Итак – подведем еще раз итоги, – окку­пация более или менее благо­по­лучно состо­я­лась. Нельзя сказать, чтобы такое развитие событий оказа­лось неожи­данным для Седрика. Примерно с осени 1940 года, когда жертвой необъ­яв­лен­ного напа­дения пал северный сосед, подобный исход начал пред­став­ляться весьма веро­ятным. Очевидно было и то, что страна не могла рассчи­ты­вать на чью-либо помощь извне. Об этом ясно и жестко, в своей обычной манере, заявил, выступая перед журна­ли­стами, первый лорд британ­ского адми­рал­тей­ства. Он сказал, что северные страны пред­став­ляют, по его мнению, наиболее веро­ятный в ближайшем будущем объект военных операций.
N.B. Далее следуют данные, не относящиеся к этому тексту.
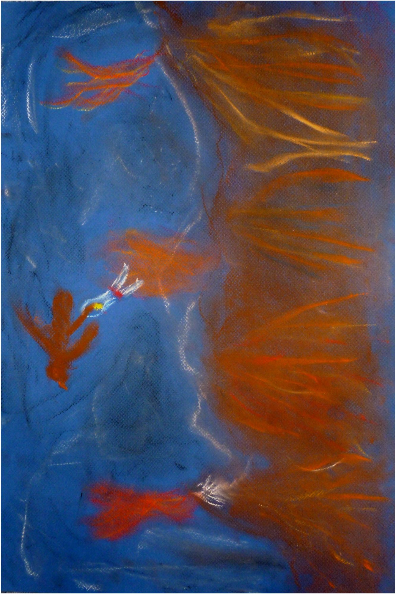
"Thiassi and Loti in Jotenheim" - Khai, Class 4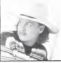
#1 SINGLE: Tracy Lawrence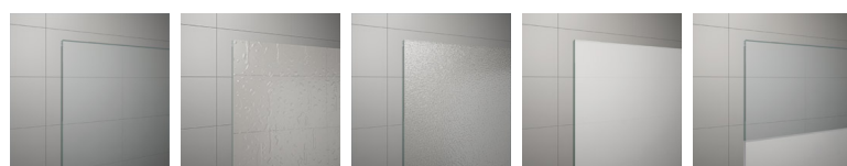
07 Clear 11 Acrylic glass 22 Graniet 49 Screenprinted satin 51 Screenprinted band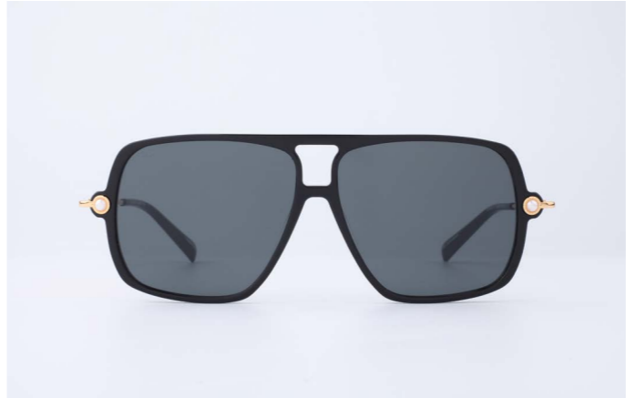
SH1 Cinnamon Black / Black tinted lens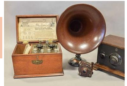
An early and rare 1920's wireless set

Early radios used valves (vacuum tubes) which, initially, were quite large and required both low voltage and high current to operate. The first portable radios were powered by lead-acid accumulators that had to be removed from the cabinet and recharged – not too practical.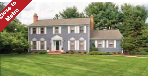
Great Falls $1,085,000 Phenomenal location! Beautiful kitchen and updated master bathroom

High-quality build that is spacious and in impeccable condition. 10 ft.+ ceilings on the main and lower level. Open, flowing floorplan with designer finishes and incredible attention to detail. The master bedroom has a series of walk-in closets and laundry room. Four additional, generously-sized bedroom suites with private bathrooms are on the upper level. There is an abundance of storage and a 4-car garage. Private 5 acre setting.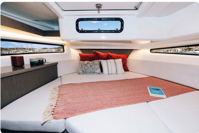
Jeanneau Merry Fisher 895 Sport - forward cabin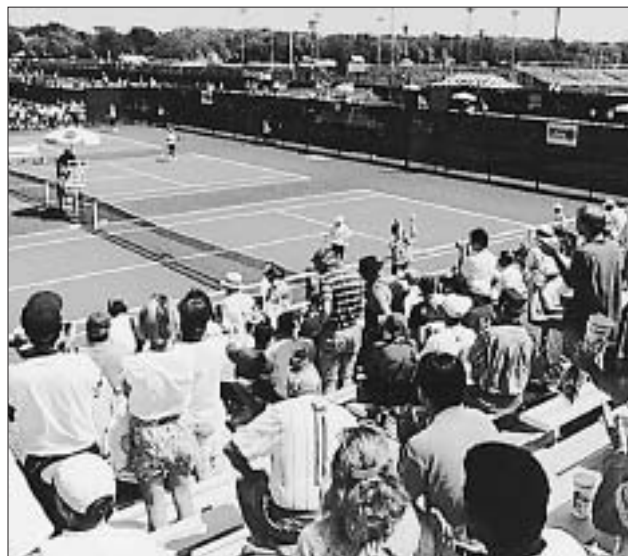
The Courtney Tennis Center has played host to NCAA Championship action 11 times, including serving as the national site of the 1998 NCAA Championships.

Since opening in 1967, the Courtney Tennis Center has undergone a variety of improvements. Most recently, 14 of the courts were newly resurfaced during the summer of 2003 and the facility was reoriented in the winter of 2004 as construction began on the neighboring Guglielmino Family Athletics Center. That undertaking saw the construction of a new tournament center tower, while the seating was moved from the west to the east end, which now plays host to varsity matches, making it more convenient for the teams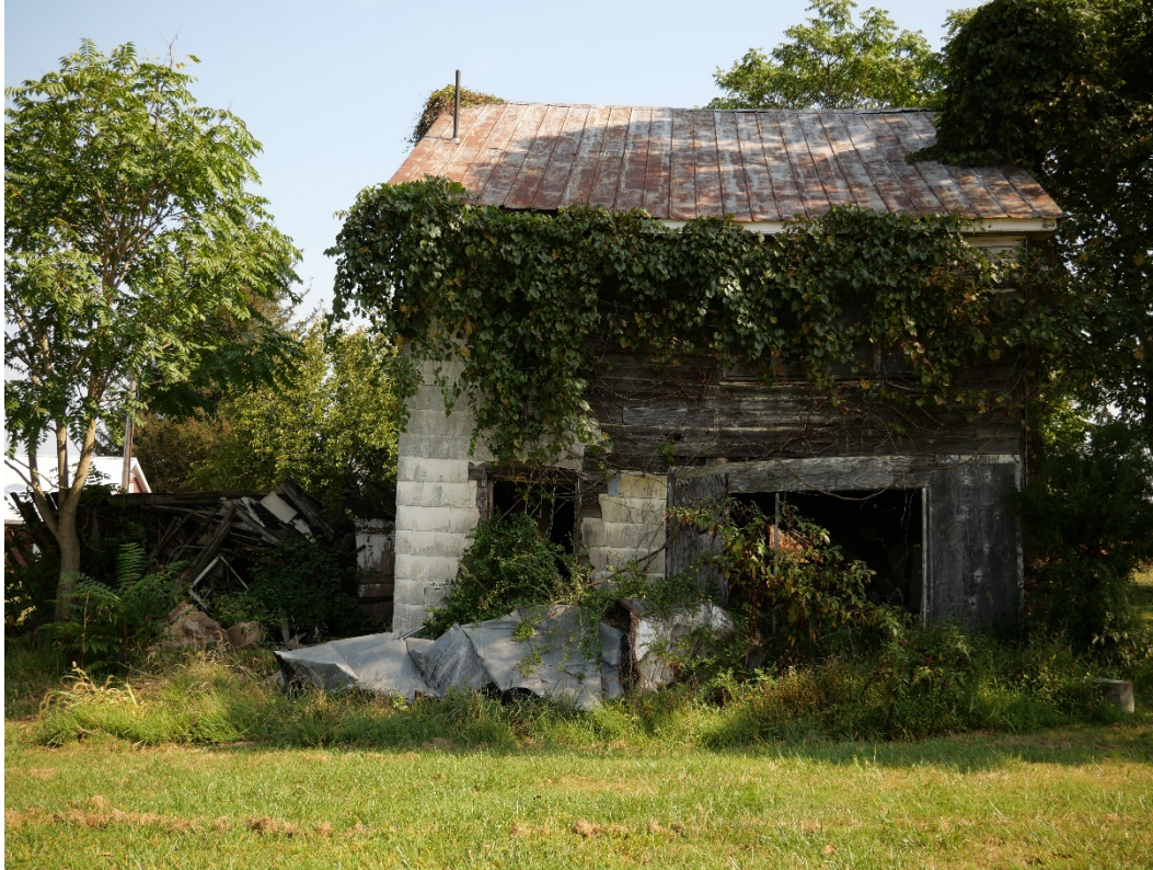
Figure 5: View of the south elevation.

Но если Швецию и Норвегию отде­ляет от хищника, так сказать, ров с водой, если Дания имеет шансы отку­питься путем терри­то­ри­альных уступок, то эта страна, this unfortunate country, нахо­дится в столь небла­го­при­ятной ситу­ации, что помочь ей будет чрез­вы­чайно трудно. «That’s why, – добавил Черчилль, – I would in any case not undertake to guarantee it» (*).

(* Вот почему я ни при каких обсто­я­тель­ствах не пору­чился бы за нее. *)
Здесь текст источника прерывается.